Bureau presenters told lawmakers Title I and high-poverty schools have higher rates of provisional/emergency credentials and less experience; briefing also described district support levels 1–5, level-5 state authority, and fiscal/facilities distress procedures.

Presenters told the Joint Education Committee that measures of teacher qualifications and experience differ substantially between high-poverty/Title I schools and low-poverty schools, and that the accountability act provides tools to escalate supports up to state authority.

Adrienne Beck reviewed equitable access metrics in Arkansas's ESSA plan and State Accountability Act: percentages of teachers deemed effective under the statewide evaluation (TESS), inexperienced teachers (first three years), and emergency or provisional credentials.

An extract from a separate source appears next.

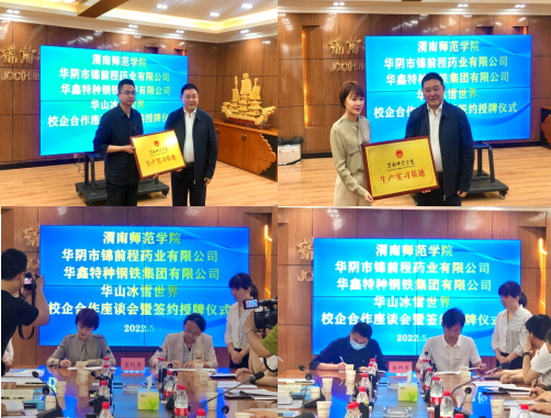 卓宇向陕西华鑫特种钢铁集团有限公司、华阴市锦前程制药有限公司两个企业颁授生产实习基地牌,计算机学院和陕西华鑫特种钢铁集团有限公司、华阴市锦前程制药有限公司分别签订大学生就业基地协议和实践教学基地协议,音乐学院和华山冰雪世界签订大学生就业基地协议。

Beck said DESE report-card data show higher rates of emergency/provisional credentials and lower average years of experience in high-poverty and high-minority Title I schools.

The Bureau also explained the state's district-support classification system (levels 1'5). Level 1 provides guidance and contacts; level 5 is the highest support level and requires state-board approval and may be followed by action that places a district under state authority and permits removal of a superintendent or board. Presenters noted five districts are currently classified as level 5 and that districts placed under state authority tend to have lower Atlas proficiency percentages than statewide averages.

On fiscal and facilities oversight, staff described the fiscal-distress process (early intervention, monitoring, state-board classification) and reported that currently no districts are in fiscal distress but four are in early intervention and several districts remain under monitoring after prior state authority. Facilities distress placement is rare; only one district had ever been placed in facilities distress and was removed in 2009.

Members asked for lists of district and school letter grades, a breakdown of which schools were exempt from letter grades, geographic shortage district data, and whether teacher-salary increases and recruitment programs have affected retention in shortage areas. Staff agreed to provide the requested lists and additional data and to include the department in a future meeting to answer follow-up questions.